Crystallographic data collection and structure determination. Diffraction data sets were collected at the Advanced Photon Source (APS) beamline 24-ID-C equipped with a Pilatus™-6M detector. All data were collected at 100 K. Data were collected for T32-28, T33-15, T33-21 (space group R32), T33-21 (space group F4₁32), and T33-28 at detector distances of 650 mm, 450 mm, 300 mm, 300 mm, and 575 mm; with 0.5°, 0.5°, 0.2°, 0.5°, and 0.5° degree oscillations; and at wavelengths of 0.9793 A, 0.9792 A, 1.0393 A, 0.9716 A, and 0.9793 A, respectively.

Data reduction, integration, and scaling were performed with XDS/XSCALE™. The program PHASER™ was used to determine all crystal structures by molecular replacement (MR). For T33-15 and T33-21 structures, the MR search models were the original PDB scaffolds for each computationally-designed component. The MR search models for the structures of T33-28 and T32-28 were models of the tetrahedral assemblies with and without side-chain atoms beyond β-carbons, respectively.

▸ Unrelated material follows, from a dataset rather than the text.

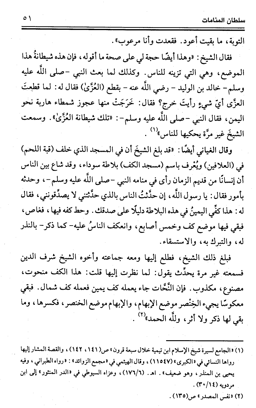 فقال الشيخ: "وهذا أيضًا حجة لي على صحة ما أقوله، فإن هذه شيطانةُ هذا الموضع، وهي التي تزينه للناس. وكذلك لما بعث النبي -صلى اللَّه عليه وسلم- خالد بن الوليد -رضي اللَّه عنه- بقطع (العُزَّى) فقال له: لما قطعتَ العزى أيّ شيءٍ رأيتَ خرج؟ فقال: خَرَجَتْ منها عجوز شمطاء هاربة نحو اليمن، فقال النبي -صلى اللَّه عليه وسلم-: "تلك شيطانة العُزَّى". وسمعت الشيخَ غير مرَّة يحكيها للناس" (¬1).

The X-ray diffraction data collected for T32-28 underwent additional processing in XSCALE™ to visualize anomalous scattering from copper ions anticipated in the T32-28A subunits. The data was scaled with unmerged Friedel mates and the resultant electron density map was used to calculate an anomalous Fourier map with the refined model in PHENIX™. The anomalous peaks in the calculated map were not used to model copper ions in the final structure due to unmodeled, coordinating side chains. All deposited structure factors used for refinement were scaled with merged Friedel mates.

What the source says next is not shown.